Perf is a performance profiling tool built into the Linux kernel source tree. Based on the principle of event sampling and performance events , it supports the performance analysis of processor-related performance indicators and operating system-related performance indicators. It is often used to find performance bottlenecks and locate hot codes.

1.1 Install Perf

Installing perf is very simple, as long as the kernel version is higher than 2.6.31, perf has been supported by the kernel. First install the kernel source code:

apt-get install linux-source

Then the kernel source code has been downloaded in the /usr/src directory, we decompress the source code package, then enter the tools/perf directory and type the following two commands:

make
make install

Perhaps due to system reasons, the following development packages need to be installed in advance:

apt-get install -y binutils-dev
apt-get install -y libdw-dev
apt-get install -y python-dev
apt-get install -y libnewt-dev

1.2 Basic use of Perf

CPU cycle (cpu-cycles) is the default performance event. The so-called CPU cycle refers to the smallest time unit that the CPU can recognize, usually a few millionths of a second, which is the time required for the CPU to execute the simplest instructions, such as Read the contents of the register, also called clock tick.

perf COMMAND [-e event …] PROGRAM, perf uses such a command format, COMMAND is commonly used is top, stat, record, report, etc. Then use the -e parameter to count the events that need attention. Multiple events use Multiple -e connections.

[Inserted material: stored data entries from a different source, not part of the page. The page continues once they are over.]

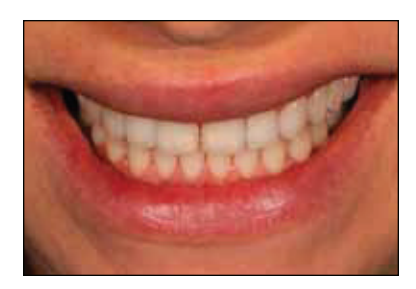
Fig. 15. Preoperative view showing the patient's diastema.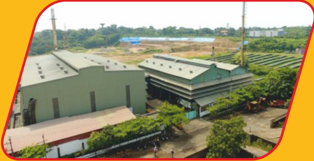
Eswari Global Metal Industries - Unit 1 Industrial Area, Baikampady, Mangalore, India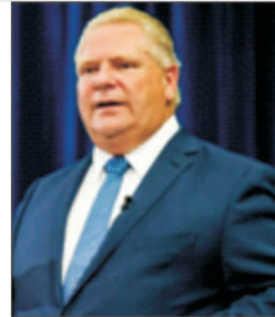
"campaigning on making child care more affordable and accessible, while ensuring parents have the flexibility and choice to make the best decisions for their family."

During campaign, Ontario PCs promised partial subsidy of daycare costs, even for high-income families

Perf is a toolset that contains 22 sub-tools, the following are the 5 most commonly used:

  • perf-list
  • perf-stat
  • perf-top
  • perf-record
  • perf-report
  • perf-trace

perf-list

Perf-list is used to view the performance events supported by perf, including software and hardware.
List all symbolic event types.

perf list [hw | sw | cache | tracepoint | event_glob]

perf stat

The best way to illustrate a tool is to give an example. Consider the following example program. Among them, the function longa() is a very long loop, which is a waste of time. Functions foo1 and foo2 will call the function 10 and 100 times, respectively.

//t1.c
 void longa()
 {
   int i,j;
   for(i = 0; i < 1000000; i++)
   j=i; //am I silly or crazy? I feel boring and desperate.
 }

 void foo2()
 {
   int i;
   for(i=0 ; i < 10; i++)
        longa();
 }

 void foo1()
 {
   int i;
   for(i = 0; i< 100; i++)
      longa();
 }

 int main(void)
 {
   foo1();
   foo2();
 }

and compile it:

gcc -o t1 -g t1.c

The following demonstrates the output of perf stat for program t1:

root@ubuntu-test:~# perf stat ./t1

 Performance counter stats for './t1':

        218.584169 task-clock # 0.997 CPUs utilized
                18 context-switches # 0.000 M/sec
                 0 CPU-migrations # 0.000 M/sec
                82 page-faults # 0.000 M/sec
       771,180,100 cycles # 3.528 GHz
     <not counted> stalled-cycles-frontend
     <not counted> stalled-cycles-backend
       550,703,114 instructions # 0.71 insns per cycle
       110,117,522 branches # 503.776 M/sec
             5,009 branch-misses # 0.00% of all branches

       0.219155248 seconds time elapsed

程序 t1 是一个 CPU bound 型,因为 task-clock-msecs 接近 1

Tuning t1 should be about finding the hotspots (i.e. the most time-consuming pieces of code) and seeing if you can improve the efficiency of the hotspots. By default, in addition to task-clock-msecs, perf stat also gives several other most commonly used statistics:

  • Task-clock-msecs: CPU utilization, if the value is high, it means that most of the program's time is spent on CPU calculations rather than IO.
  • Context-switches: The number of process switches, which records how many process switches occurred during the running of the program. Frequent process switches should be avoided.
  • Cache-misses: The overall cache utilization during the running of the program. If the value is too high, it means that the cache utilization of the program is not good
  • CPU-migrations: Indicates how many CPU migrations occurred during the running of process t1, that is, transferred from one CPU to another by the scheduler.
  • Cycles: processor clock, one machine instruction may require multiple cycles, Instructions: number of machine instructions.
  • IPC: It is the ratio of Instructions/Cycles. The larger the value, the better, indicating that the program makes full use of the characteristics of the processor.
  • Cache-references: the number of cache hits, Cache-misses: the number of cache failures.

By specifying the -e option, you can change the default event of perf stat (about the event, it has been explained in the previous section, and you can view it through perf list). If you already have a lot of tuning experience, you might use the -e option to see specific events of interest to you.

Some programs are slow because the amount of calculation is too large, and most of the time should be calculated using the CPU, which is called CPU bound; IO bound type; the tuning for CPU bound programs is different from the tuning for IO bound programs.

perf top

When using perf stat, often you already have a tuning goal. For example, the boring program t1 I just wrote.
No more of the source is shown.